**Problem requirements**
In the listing that follows, the lines starting at the one containing "En Sudamérica, la" and ending at the one containing "Elegant Sideboard Featuring" are to be returned exactly, both boundary lines included, and no others.

**Data for this exercise**
________________
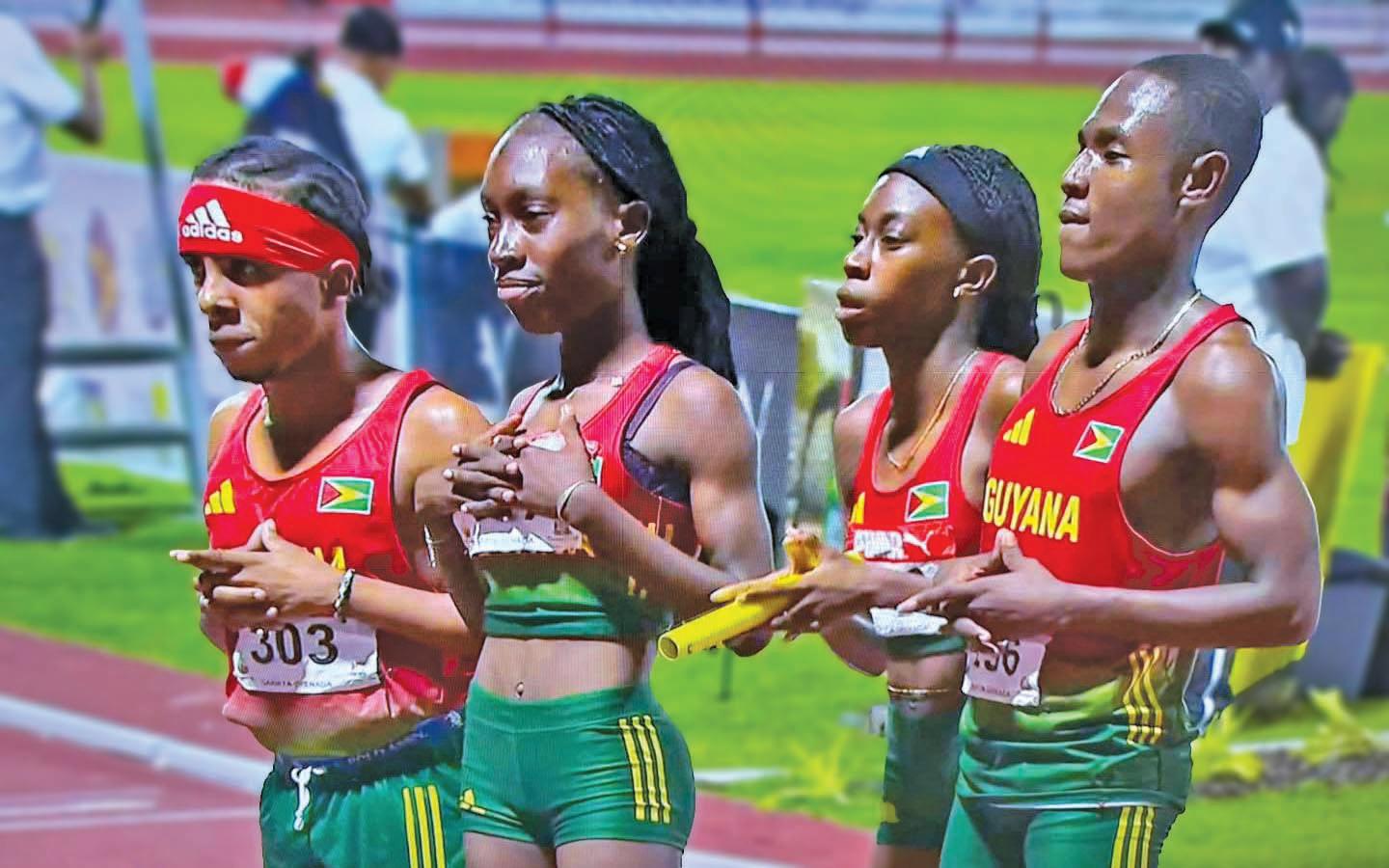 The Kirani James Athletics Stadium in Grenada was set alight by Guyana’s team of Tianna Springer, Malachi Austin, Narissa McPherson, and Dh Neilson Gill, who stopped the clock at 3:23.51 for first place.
________________
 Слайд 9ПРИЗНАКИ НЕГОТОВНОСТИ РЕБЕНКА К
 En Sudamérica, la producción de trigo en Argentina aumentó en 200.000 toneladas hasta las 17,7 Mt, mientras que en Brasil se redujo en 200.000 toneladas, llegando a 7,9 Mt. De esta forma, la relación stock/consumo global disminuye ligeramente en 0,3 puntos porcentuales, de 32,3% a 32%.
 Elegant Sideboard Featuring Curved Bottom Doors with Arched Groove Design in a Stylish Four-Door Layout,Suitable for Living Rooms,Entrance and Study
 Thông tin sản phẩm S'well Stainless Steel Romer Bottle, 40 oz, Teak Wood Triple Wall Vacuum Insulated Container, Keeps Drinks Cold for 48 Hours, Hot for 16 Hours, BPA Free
________________
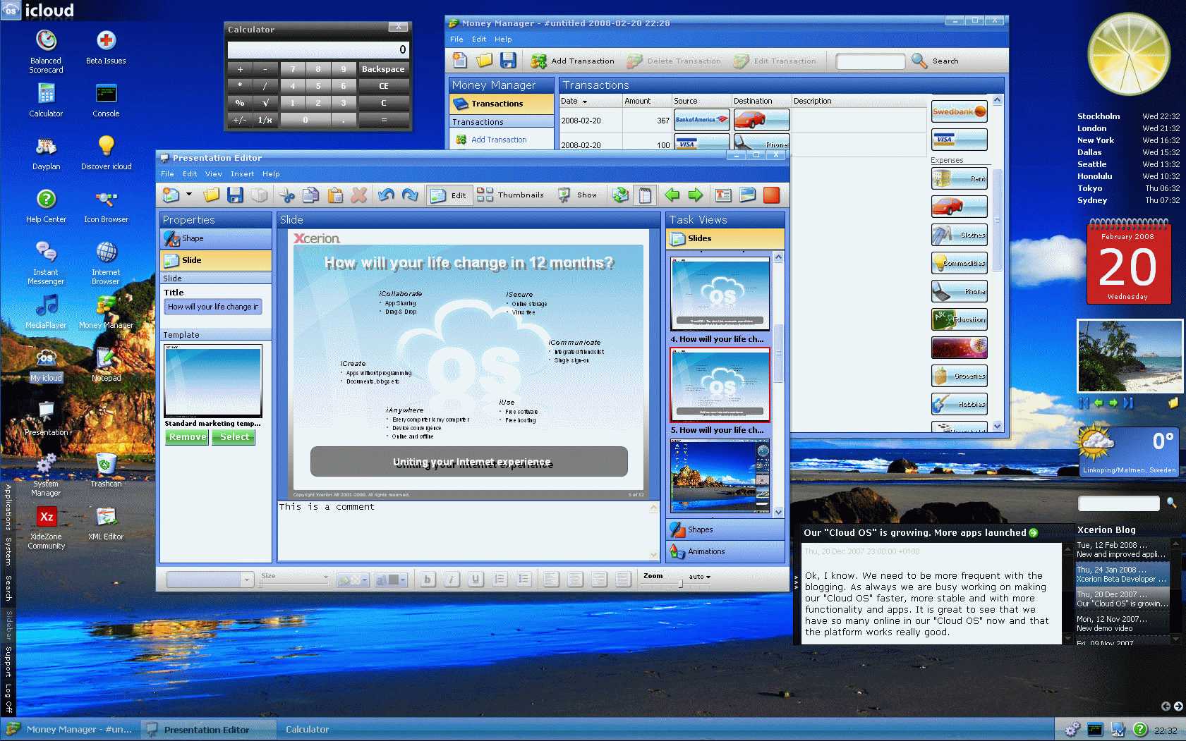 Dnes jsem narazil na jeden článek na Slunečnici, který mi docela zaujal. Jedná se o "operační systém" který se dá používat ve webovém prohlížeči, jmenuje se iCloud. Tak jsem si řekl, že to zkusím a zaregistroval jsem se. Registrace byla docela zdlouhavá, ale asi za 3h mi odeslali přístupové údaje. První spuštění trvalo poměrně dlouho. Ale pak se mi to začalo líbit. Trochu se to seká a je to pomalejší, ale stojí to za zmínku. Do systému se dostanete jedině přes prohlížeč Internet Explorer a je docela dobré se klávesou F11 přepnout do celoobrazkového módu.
________________
**Output**
 En Sudamérica, la producción de trigo en Argentina aumentó en 200.000 toneladas hasta las 17,7 Mt, mientras que en Brasil se redujo en 200.000 toneladas, llegando a 7,9 Mt. De esta forma, la relación stock/consumo global disminuye ligeramente en 0,3 puntos porcentuales, de 32,3% a 32%.
 Elegant Sideboard Featuring Curved Bottom Doors with Arched Groove Design in a Stylish Four-Door Layout,Suitable for Living Rooms,Entrance and Study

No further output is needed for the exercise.